⟨

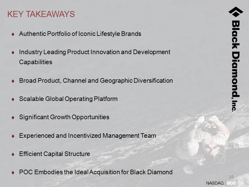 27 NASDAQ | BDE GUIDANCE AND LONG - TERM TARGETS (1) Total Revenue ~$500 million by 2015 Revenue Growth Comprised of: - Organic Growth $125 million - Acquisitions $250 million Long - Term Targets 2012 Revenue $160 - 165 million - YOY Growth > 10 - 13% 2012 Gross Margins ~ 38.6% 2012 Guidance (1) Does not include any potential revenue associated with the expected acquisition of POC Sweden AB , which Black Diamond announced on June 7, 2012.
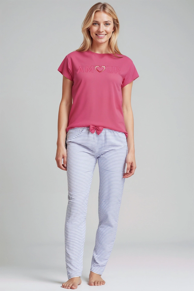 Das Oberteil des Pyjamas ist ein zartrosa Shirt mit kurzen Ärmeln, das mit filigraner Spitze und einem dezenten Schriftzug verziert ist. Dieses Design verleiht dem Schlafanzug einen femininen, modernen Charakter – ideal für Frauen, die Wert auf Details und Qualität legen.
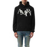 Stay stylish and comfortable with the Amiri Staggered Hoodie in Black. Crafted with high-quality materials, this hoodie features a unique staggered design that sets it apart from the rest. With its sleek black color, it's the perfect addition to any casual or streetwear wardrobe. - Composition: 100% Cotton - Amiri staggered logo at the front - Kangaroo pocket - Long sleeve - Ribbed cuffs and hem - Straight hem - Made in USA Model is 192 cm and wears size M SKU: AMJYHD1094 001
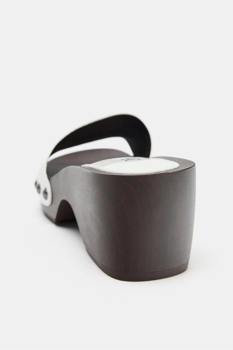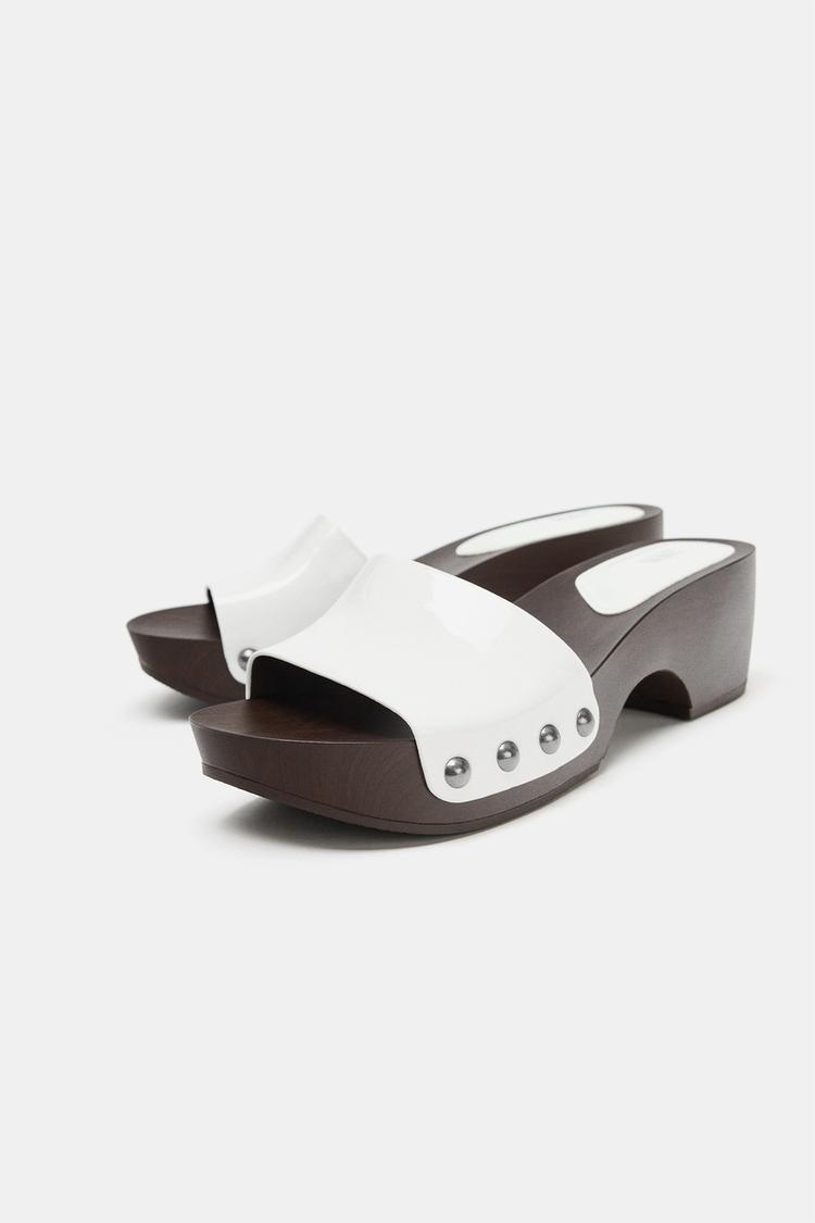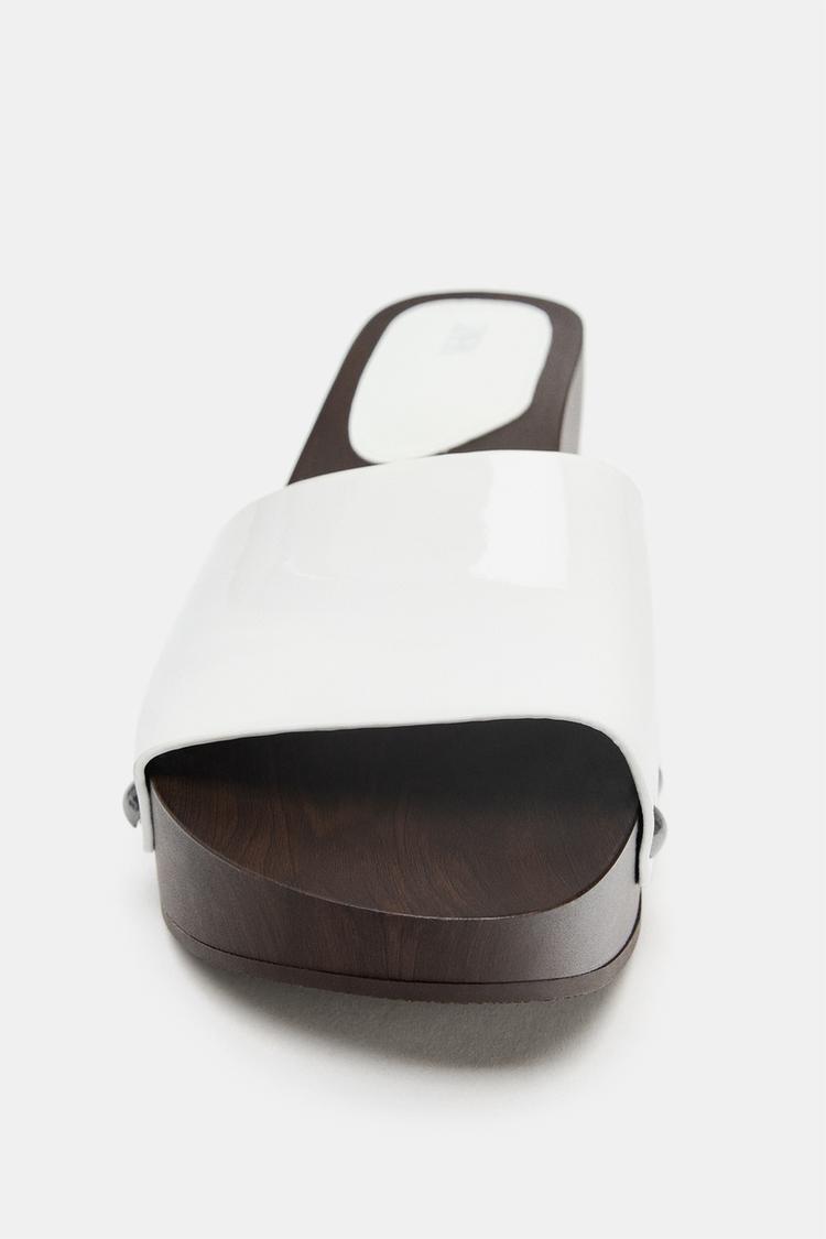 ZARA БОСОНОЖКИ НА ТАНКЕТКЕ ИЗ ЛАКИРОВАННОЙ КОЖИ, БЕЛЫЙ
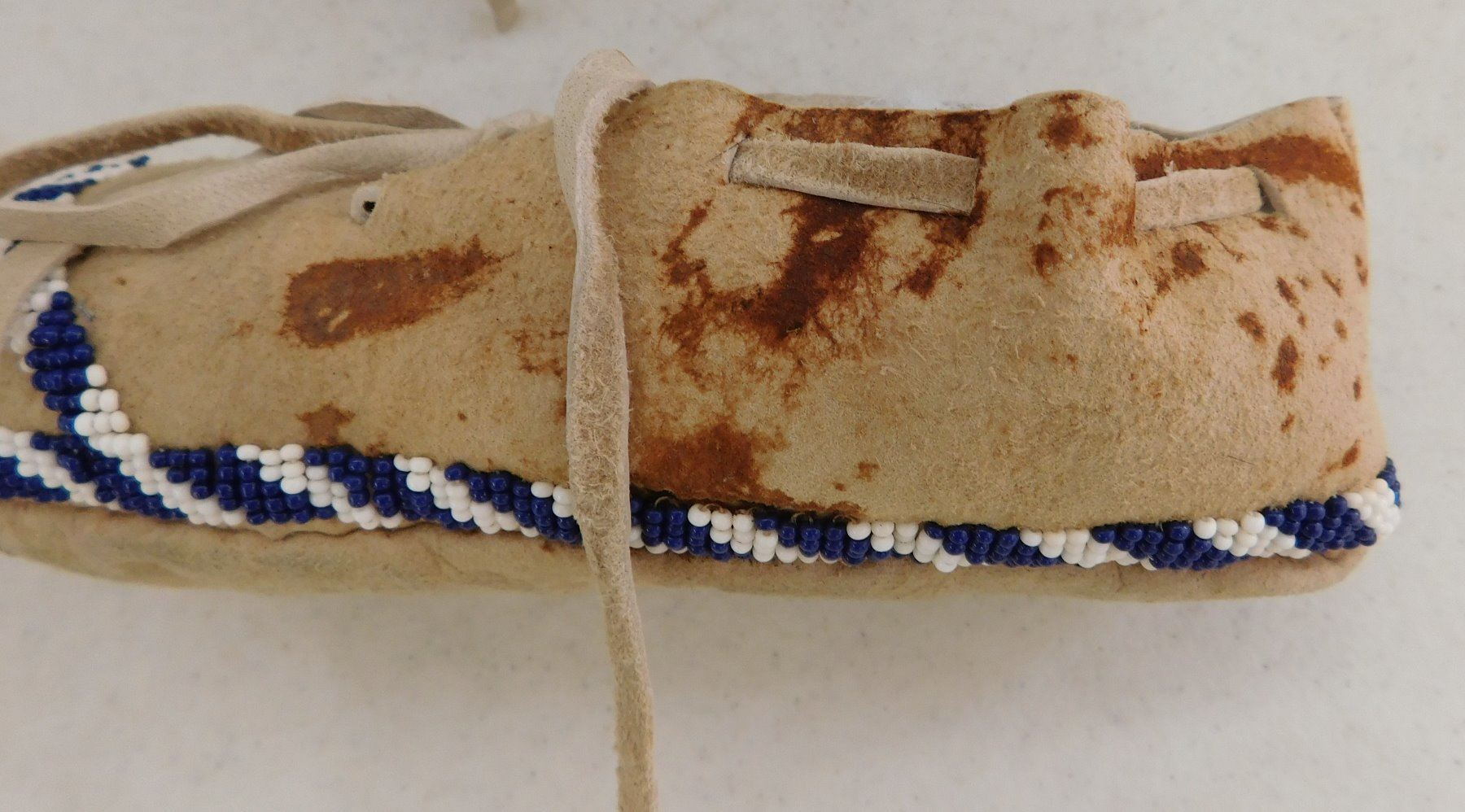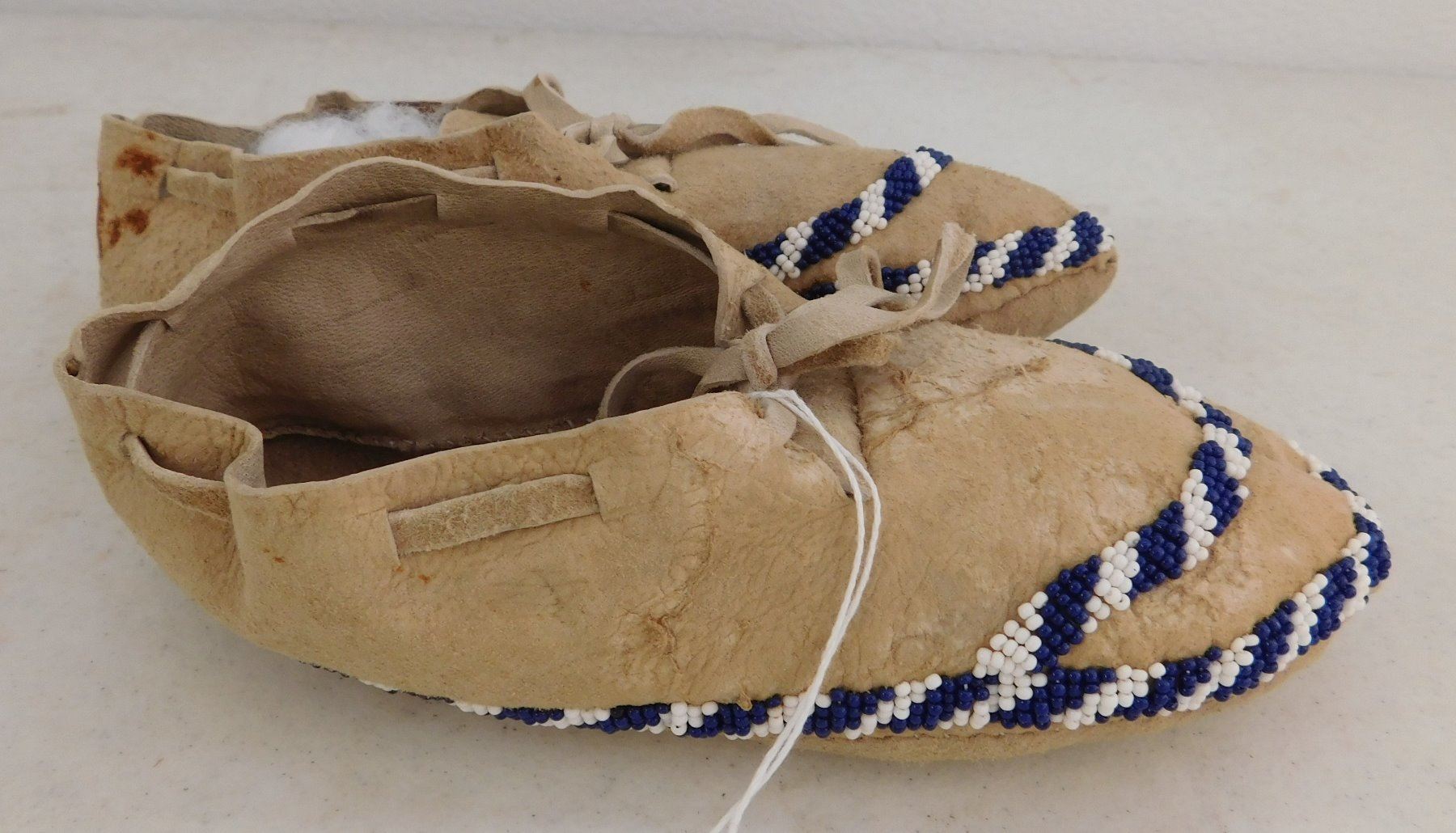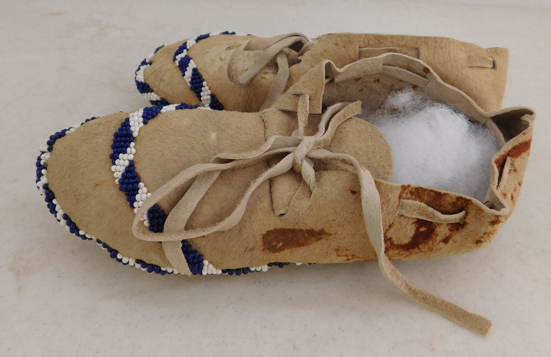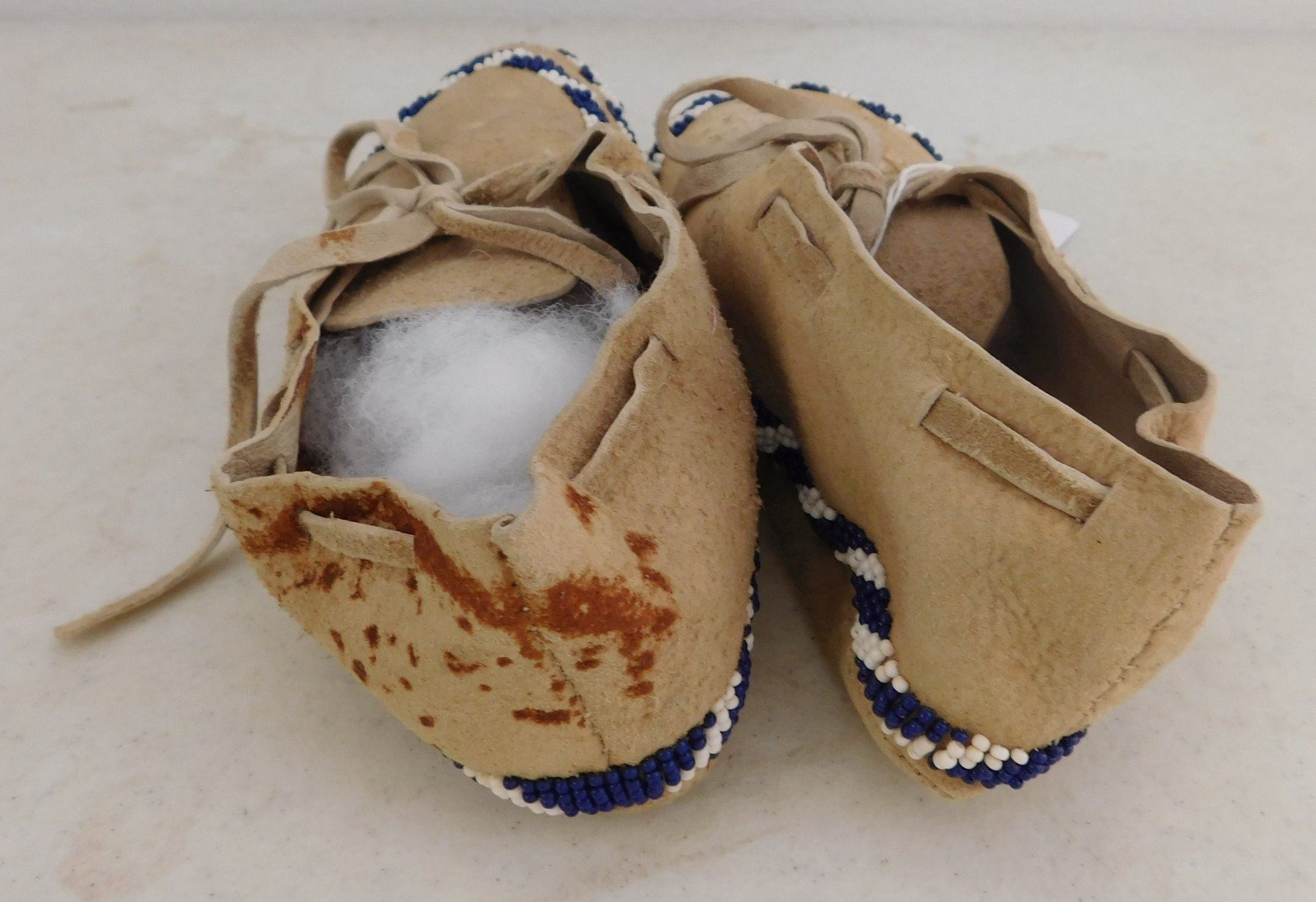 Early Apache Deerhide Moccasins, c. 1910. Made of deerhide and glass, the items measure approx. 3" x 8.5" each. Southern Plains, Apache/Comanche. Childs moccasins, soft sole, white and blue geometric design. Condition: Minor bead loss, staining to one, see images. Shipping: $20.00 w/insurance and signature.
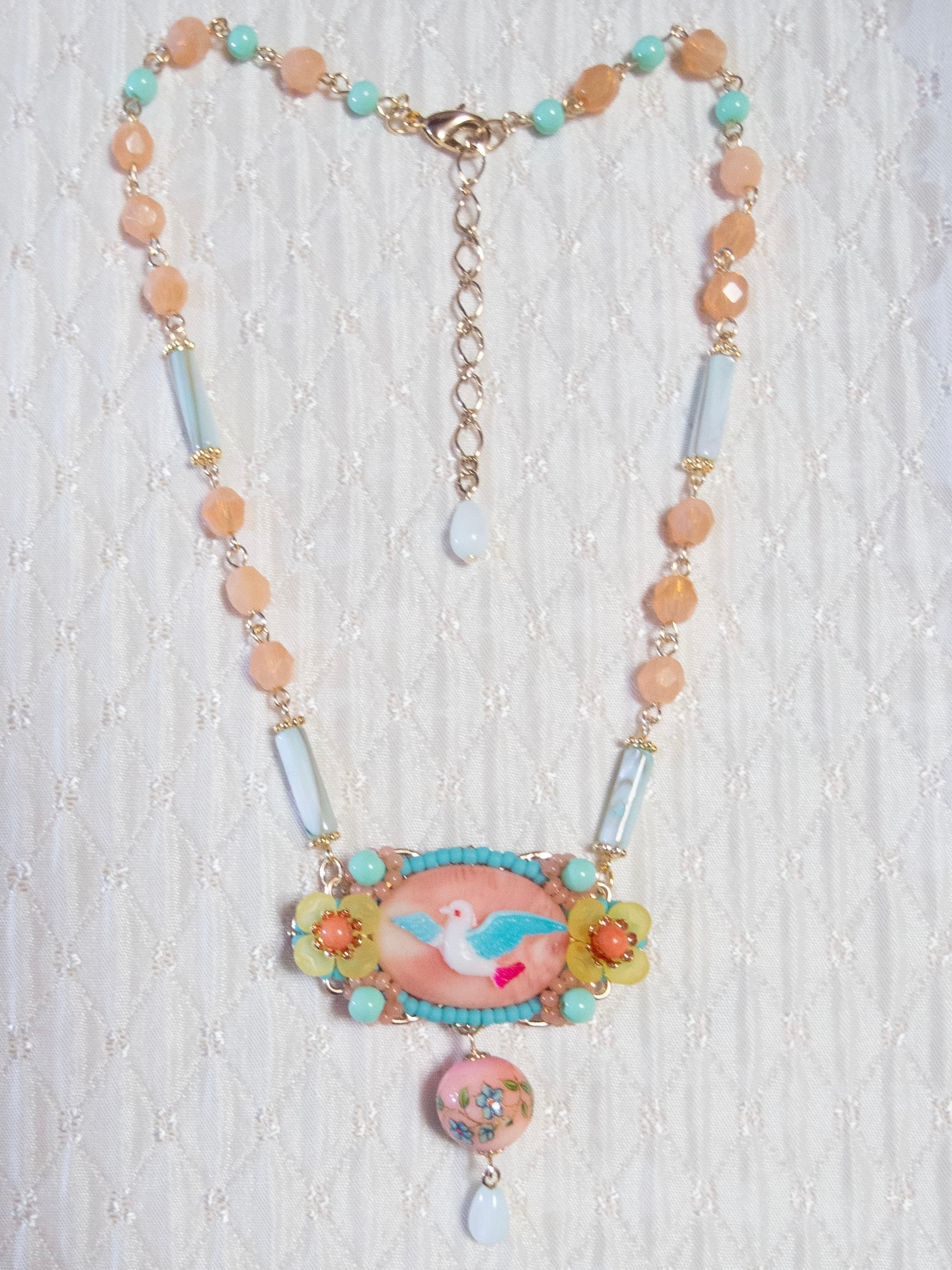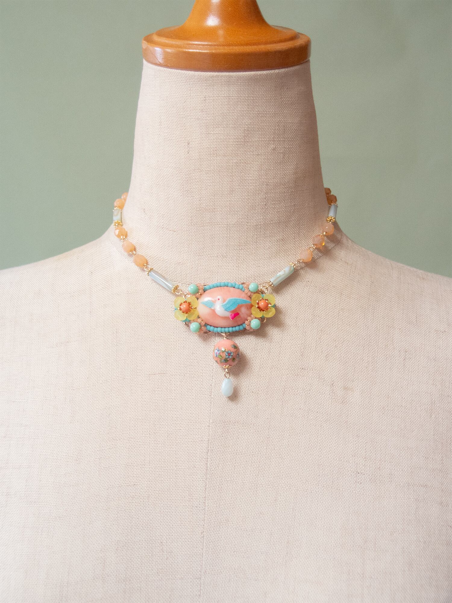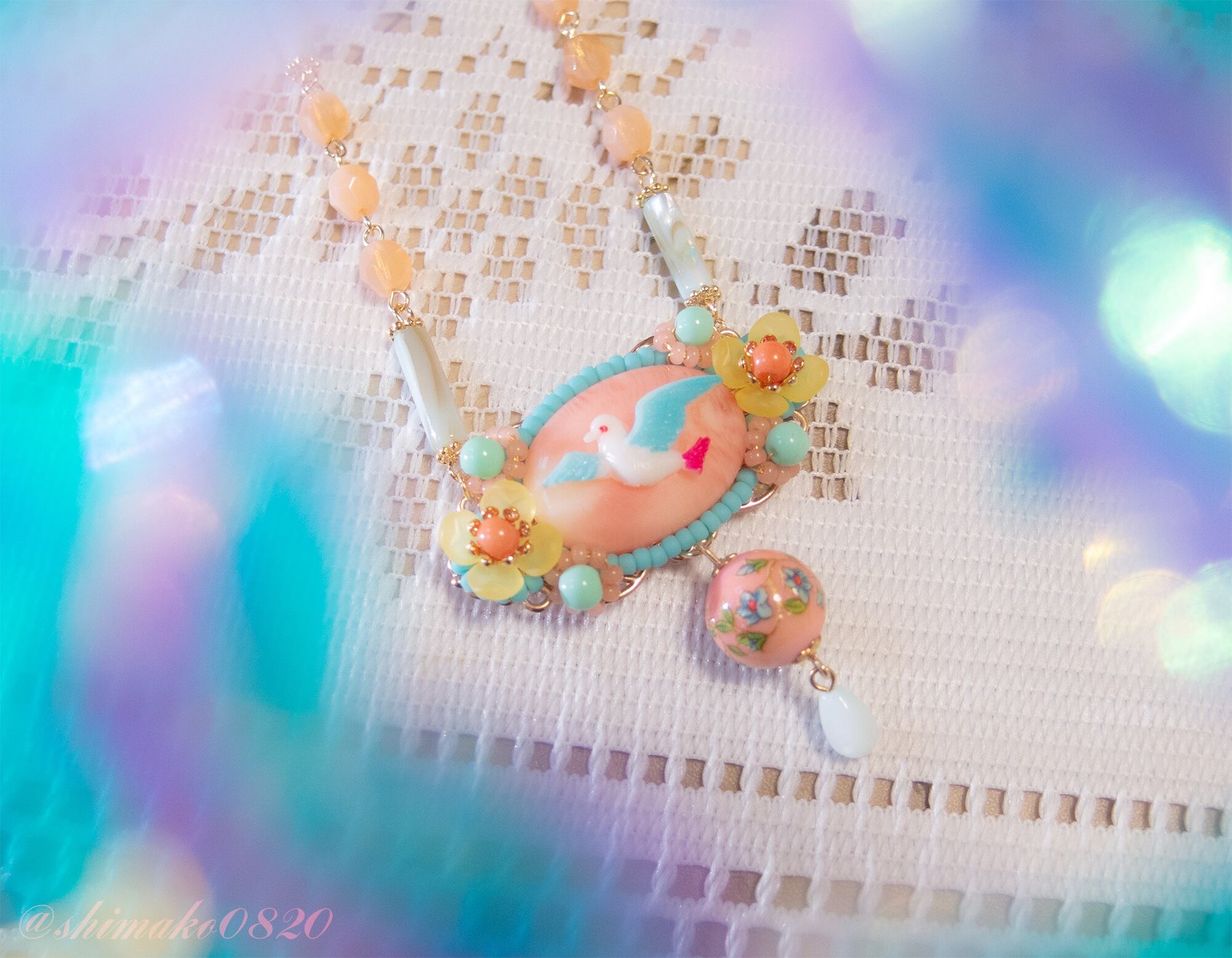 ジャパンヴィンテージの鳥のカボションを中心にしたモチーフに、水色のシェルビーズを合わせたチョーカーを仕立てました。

⟩

» PROBLEM:
Starting with the first line of the material, print each line exactly until you have printed the line with "Das Oberteil des", and skip the pictures.

» RESULT:
 27 NASDAQ | BDE GUIDANCE AND LONG - TERM TARGETS (1) Total Revenue ~$500 million by 2015 Revenue Growth Comprised of: - Organic Growth $125 million - Acquisitions $250 million Long - Term Targets 2012 Revenue $160 - 165 million - YOY Growth > 10 - 13% 2012 Gross Margins ~ 38.6% 2012 Guidance (1) Does not include any potential revenue associated with the expected acquisition of POC Sweden AB , which Black Diamond announced on June 7, 2012.
 Das Oberteil des Pyjamas ist ein zartrosa Shirt mit kurzen Ärmeln, das mit filigraner Spitze und einem dezenten Schriftzug verziert ist. Dieses Design verleiht dem Schlafanzug einen femininen, modernen Charakter – ideal für Frauen, die Wert auf Details und Qualität legen.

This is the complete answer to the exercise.